Re: T's stuff in the therapy room » gardenergirl

Posted by happyflower on December 31, 2005, at 10:05:33

In reply to T's stuff in the therapy room, posted by gardenergirl on December 31, 2005, at 7:36:46

Thanks GG for you input, I always appreciate what you have to say, it usually gives me another perspective.
Normally my sessions end very good and nicely. But this time he was really what he called "rude and abrupt", what I called "snippy" to me at the end. I have never seen this side of him before. He hurt my feelings.
But he explained to me that it wasn't me, that it was him being anxious of a doctors appointment. I know from what he has told me he does have "anxiety" problems, so I guess I saw the real him when he is like that.
He was just "off" the entire session. He didn't his normal humor and he seemed edgy to me, very argumentive plus he was looking at the clock a lot. So I hope whatever had him so uptight, is okay.
I was the one thinking outloud about the stuff I had to do on the day he wan't to schedule me, and thats when he said what he did.
I feel a little better.
I guess this happened because I had my guard down, I should have known better, because whenever I do that I get hurt. Well I won't let happen again. But also I guess after spending 33 hours with me in one year, would get anyone uptight! LOL The poor guy has to deal with me.

 

Re: T's stuff in the therapy room » happyflower

Posted by gardenergirl on January 1, 2006, at 7:05:47

In reply to Re: T's stuff in the therapy room » gardenergirl, posted by happyflower on December 31, 2005, at 10:05:33

> Thanks GG for you input, I always appreciate what you have to say, it usually gives me another perspective.

:)


> I have never seen this side of him before. He hurt my feelings.

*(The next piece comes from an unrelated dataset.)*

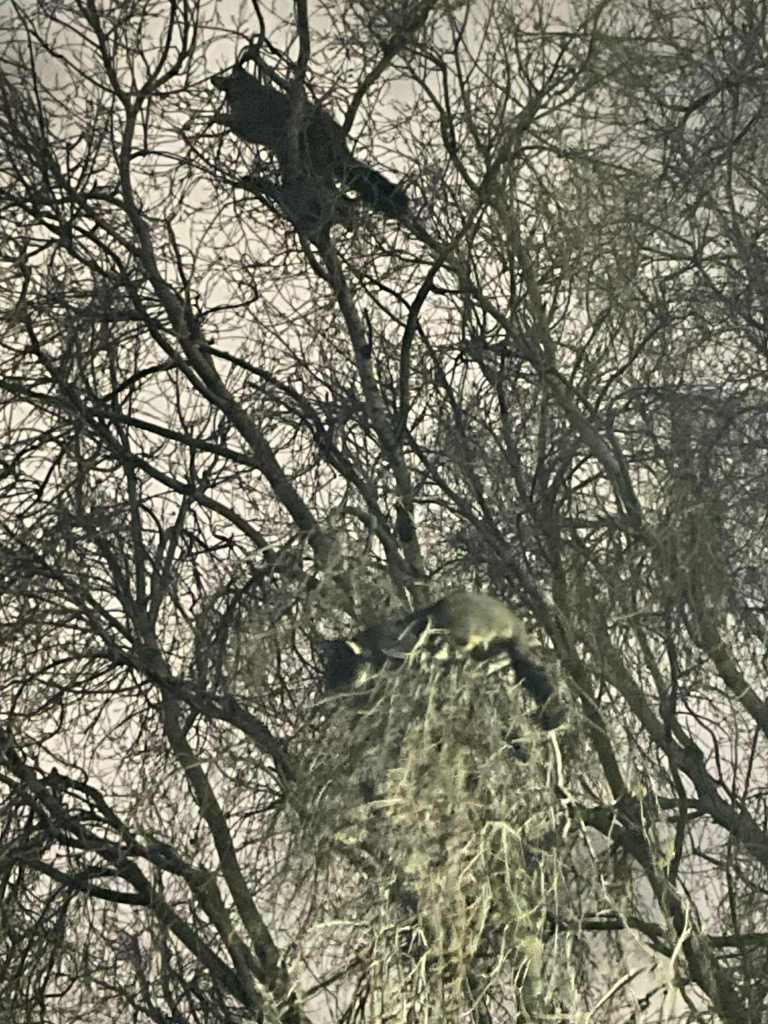 Cestou zpátky jsme viděli vačice (?) (už bylo šero, tak fotka nic moc není). Kdo by tušil, že lezou po stromech?

I know. I'm sorry that happened. Hurt feelings s*ck.

>
> I feel a little better.

I'm glad.

> But also I guess after spending 33 hours with me in one year, would get anyone uptight! LOL The poor guy has to deal with me.
>

LOL. Don't sell yourself short. I had a client say something similar to me once. I was very surprised. I feel that when a person trusts me enough to spend that time with me spilling their guts, and has some belief or hope that I can help, that's a gift. It's really a precious gift that clients give to the T.

gg

 

Thank you GG! :) (nm)

Posted by happyflower on January 1, 2006, at 9:46:16

In reply to Re: T's stuff in the therapy room » happyflower, posted by gardenergirl on January 1, 2006, at 7:05:47

 

Re: I have forgiven him but... » happyflower

Posted by JenStar on January 3, 2006, at 23:12:24

In reply to I have forgiven him but..., posted by happyflower on December 30, 2005, at 11:30:08

happflower,

I worry a bit when I read your posts above about your T.

It sounds to me like you've kind of lost track of what your therapy was supposed to be about, helping you. Instead, you're completely focused on the RELATIONSHIP with your T. It sounds like you're completely wrapped up in HIM as a person, when he's really supposed to be just a mentor/helper/person to guide you to healing.

I'm a bit worried about you. You know I don't judge people for who they love and who they care about...I don't think there's anything "morally" or "spiritually" wrong about loving your T.

But I worry that you are becoming consumed with this PERSON, and as a result, you're losing track of YOURSELF as a person.

I'm sorry if that is abrupt or hurtful, because I don't mean it to be. I hope you continue to improve in the things you want to, and that this all resolves for you.